Site Reliability Engineer Job Description

4.6

170 votes for Site Reliability Engineer

Site reliability engineer provides an application support group (ASG) role to Linux services and associated technologies including CheckMK, Docker, Kubernetes and Ansible.

Site Reliability Engineer Duties & Responsibilities

To write an effective site reliability engineer job description, begin by listing detailed duties, responsibilities and expectations. We have included site reliability engineer job description templates that you can modify and use.

Sample responsibilities for this position include:

You will automate the server provisioning process to reduce the labor of our networking engineering and datacenter operations teams

Perform deep dives into both systemic and latent reliability issues

Drive standardization efforts across multiple disciplines and services in conjunction with embedded SREs throughout the organization

Build and maintain low latency, high performance, scalable systems in a polyglot architecture

Ensure UA Record can support massive, global user growth while achieving rigorous SLAs

Enforce best practices for metrics gathering, monitoring, and alarming

Accelerate the UA Record team by making service/application deployment and builds fast, simple, and reliable

Provide basic data administration and optimization, and monitoring

Provide basic network administration and troubleshooting

Assist in the technology selection for core computing and software infrastructure along with data persistence

Site Reliability Engineer Qualifications

Qualifications for a job description may include education, certification, and experience.

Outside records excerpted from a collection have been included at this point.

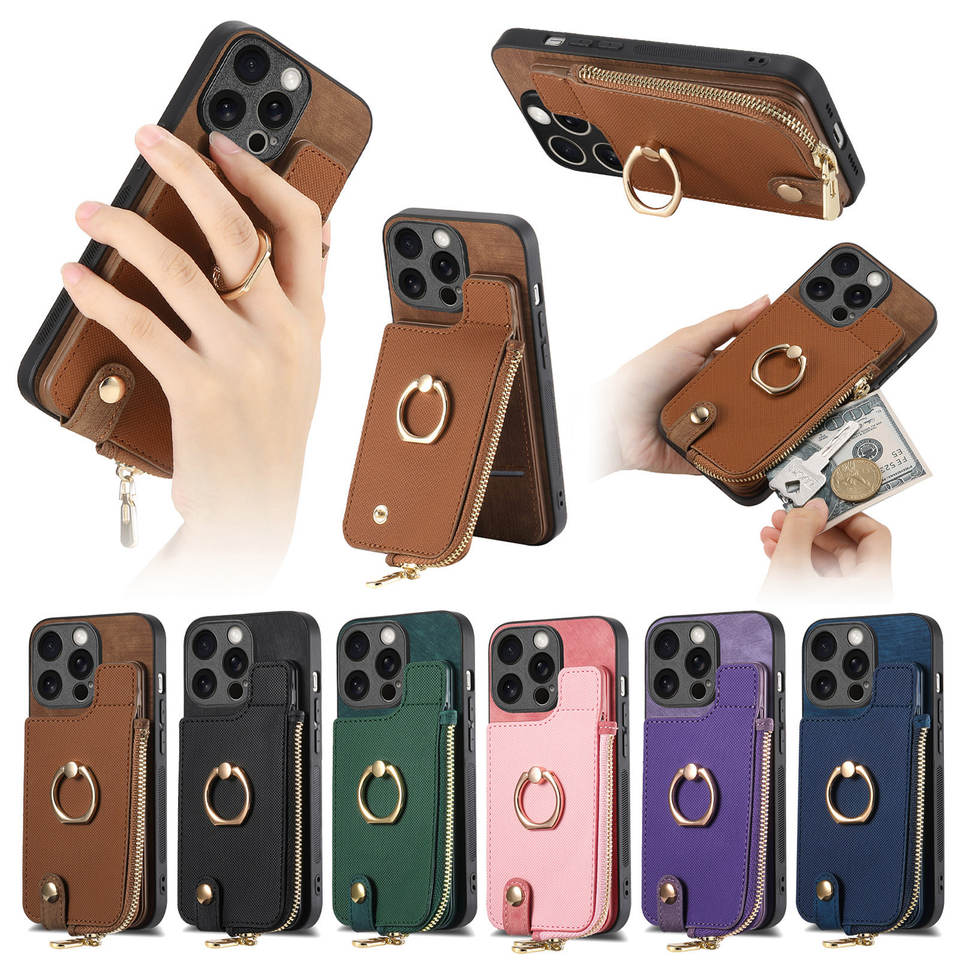 เคสโทรศัพท์มือถือแบบมีขาตั้งหมุนได้ ป้องกันแรงกระแทก วัสดุ PU พร้อมช่องใส่บัตร สำหรับ iPhone 17/16/15/14/13/12/11 ซีรีส์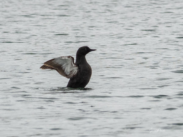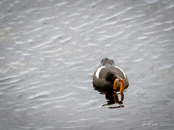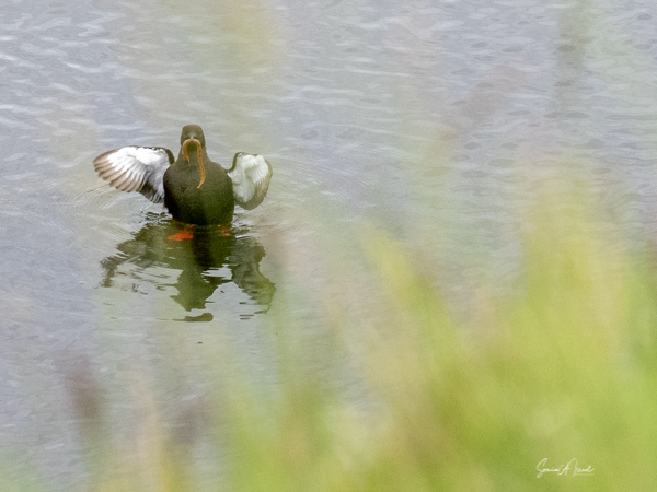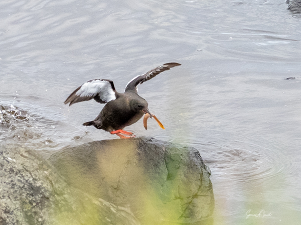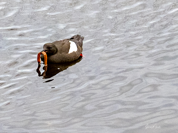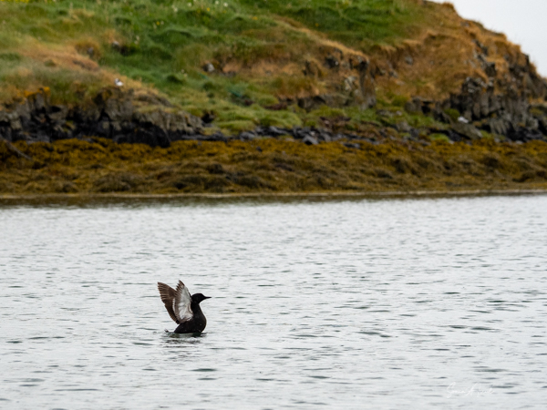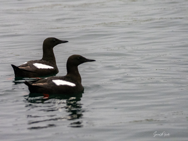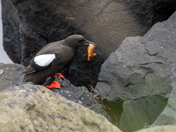 The black guillemot (or tystie) is another bird we saw everywhere. They are easy to identify as, as the name suggests, they are all black except for a white patch on their wings and white on the underside of their wings during the breeding season. In the winger they became all white below and specked and brown and white on top to camouflage into their surroundings. Their beaks are always black and pointed but they have bright red legs. They are on the small side at about 14 inches long with a wing span of about 20 inches. They can dive very deep and feed on the bottom of the sea. And once they catch their fish, they can hold them in their beak for hours. I watched one doing just that.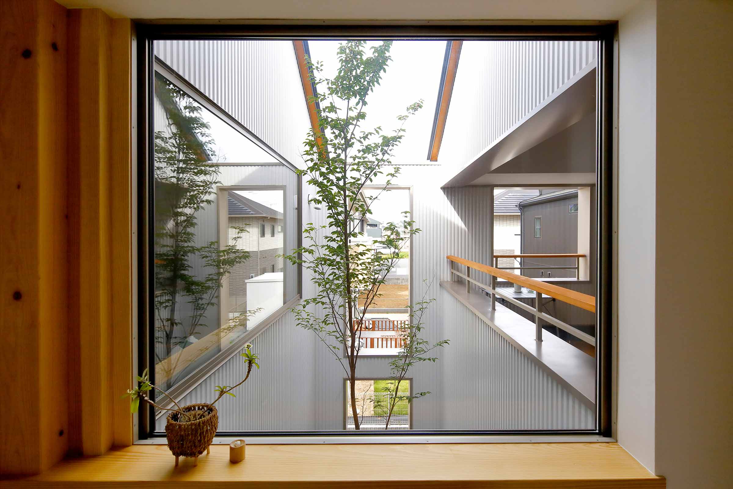 採光やプライバシー確保の観点から2階リビングと小さな中庭を採用しました。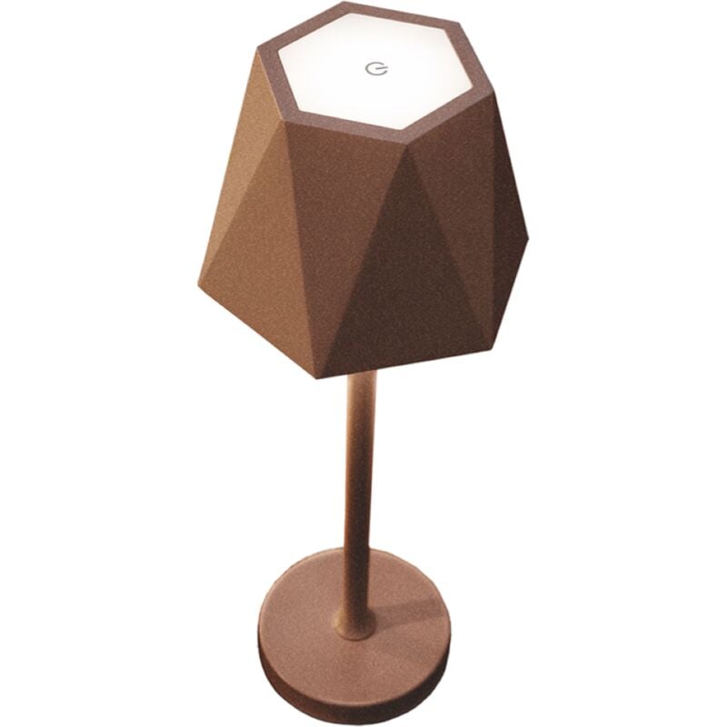 Lampada da tavolo FIJI a LED ricaricabile tramite cavo USB. Pratico sistema touch per dimmerare la luce,accendere e spegnere la lampada. Autonomia di 8 ore con il 100% di intensita' luminosa. La lampada e' dotata di sorgente led integrata con colore luce 3000K, bianco calda. La lampada FIJI a LED e' perfetta per arredare ambienti esterni o interni e grazie al grado di protezione IP54 non teme pioggia e agenti atmosferici. Pratica nel trasporto date le sue dimensioni contenute e l'assenza di fili,puo' essere utilizizzata per ristoranti,locali pubblici,attivita' commerciali,sale ricevimento o giardini. CARATTERISTICHE Colore: Corten Materiale: Alluminio/ABS Struttura: Alluminio - Diffusore: ABS Tipologia: Lampada da tavolo Diametro: 12 cm Altezza: 38 cm Dimmerabile: Si Touch: Si Illuminazione: LED integrato Potenza: 3W 240-300 LM Input: 220-230V Colore luce: 3000K Grado di protezione: IP54 Batteria ricaricabile tramite cavo Micro-USB Durata in base alla luminosita': 8/48 ore

Licensing or Certifications for Site Reliability Engineer

List any licenses or certifications required by the position: AWS, ITIL, V3, MCSE, II, IAT, RHCSA, SSL, DNS, HIPAA

Education for Site Reliability Engineer

Typically a job would require a certain level of education.

Employers hiring for the site reliability engineer job most commonly would prefer for their future employee to have a relevant degree such as Bachelor's and Master's Degree in Computer Science, Technical, Software Engineering, Engineering, Computer Engineering, Business, Education, Science, Technology, Information Systems

Skills for Site Reliability Engineer

Desired skills for site reliability engineer include:

Ansible

DNS

Networking

TCP/IP

Infrastructure components

Docker

Jenkins

Kubernetes

Linux

Python

Desired experience for site reliability engineer includes:

Experience with web server configuration, monitoring, trending, network design, high availability

5+ years of experience as a Site reliability, Operations or Software engineer

Proficiency in a scripting language

Practical, solid knowledge of shell scripting and at least one higher-level language (Python or Ruby preferred)

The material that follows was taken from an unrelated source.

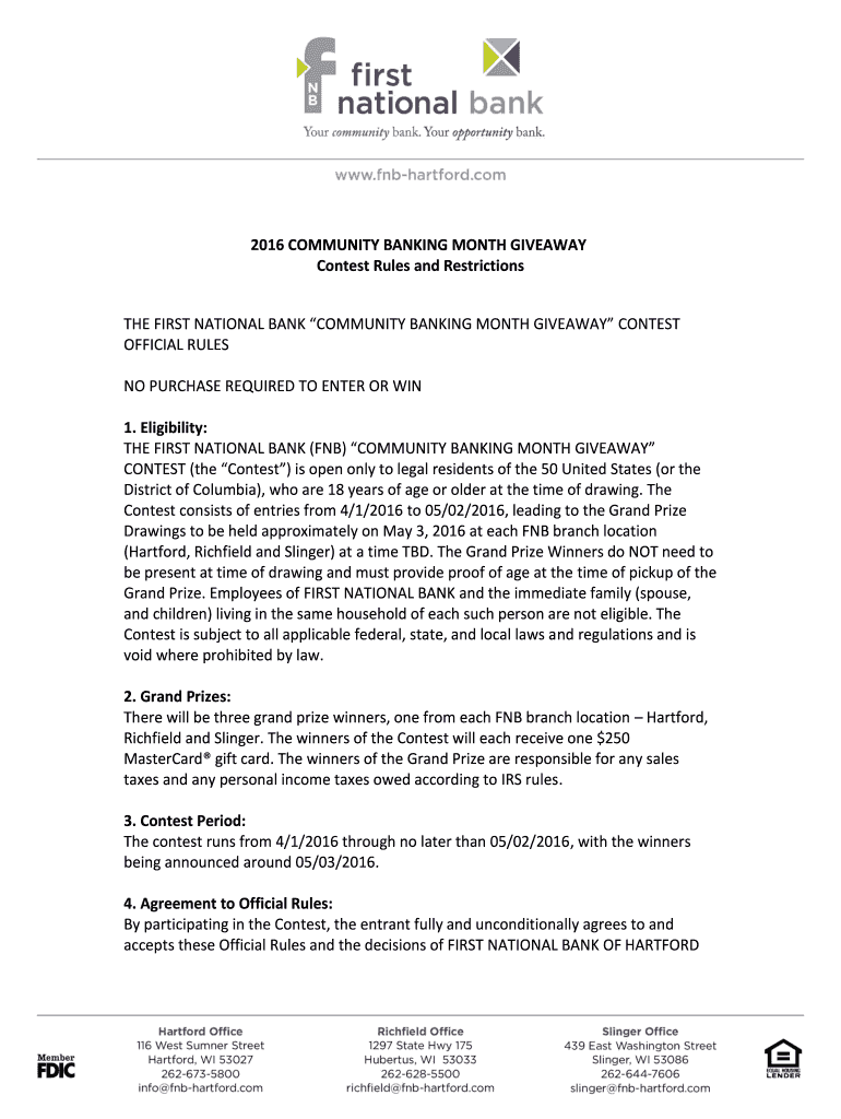 THE FIRST NATIONAL BANK COMMUNITY BANKING MONTH GIVEAWAY CONTEST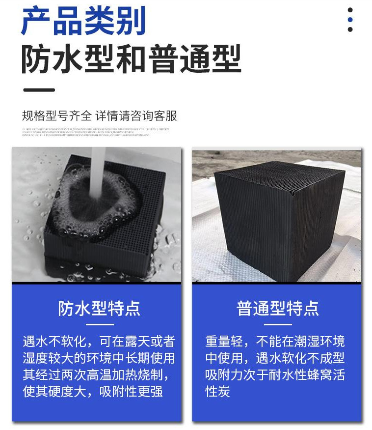 現(xiàn)在市場上用于廢氣處理活性炭有柱狀活性炭和蜂窩活性炭。

Expert level understanding of Linux servers, specifically RHEL/CentOS

Comfortable configuring DNS, DHCP, and LAN/WAN technologies

Site Reliability Engineer Examples

Site Reliability Engineer Job Description

Job Description Example

Download

Our growing company is looking for a site reliability engineer. We appreciate you taking the time to review the list of qualifications and to apply for the position. If you don’t fill all of the qualifications, you may still be considered depending on your level of experience.

Responsibilities for site reliability engineer

Code Ansible Playbooks in an Amazon Web Services (AWS) Public Cloud environment
Maintain and operate existing applications via configuration management (Ansible) implementing for new systems as needed
Collaborate with the centralized infrastructure team as the engineering stakeholder for UA Record, providing feedback and helping to implement the infrastructure roadmap as applicable
Act as a proactive advisor to the UA Record team on how to build scalable, manageable services
Evangelize and educate the development team on scalability, security, and reliability concerns while assisting the team in efforts to build these checks into the development workflow
40% - Performance Testing / Optimization of Applications
Fixing the interesting problems we face in the best way possible
Participates in Company product lifecycle process
A love of SRE, open-source, self-service tools, and micro-services
Experience with AWSmulti-region/multi-AZdeployed systems, auto scaling of EC2 instances, CloudFormation, ELBs, VPCs, CloudWatch, SNS, SQS, S3, Route53, RDS, IAM roles, security groups, blue/green deployments, and A/B testing

Qualifications for site reliability engineer

Solid understanding of fundamental technologies like TCP/IP, HTTP
Strong working knowledge of Linux systems and applications
Must work well with and be able to influence myriad personalities at all levels
Experience with automation languages like Ruby, Powershell or Unix
Experience with automation tooling such as Chef, Docker, AWS
A bachelor’s degree in Computer Science, a related discipline, or equivalent practical experience

Site Reliability Engineer Job Description

Job Description Example

Download

Our growing company is looking to fill the role of site reliability engineer. We appreciate you taking the time to review the list of qualifications and to apply for the position. If you don’t fill all of the qualifications, you may still be considered depending on your level of experience.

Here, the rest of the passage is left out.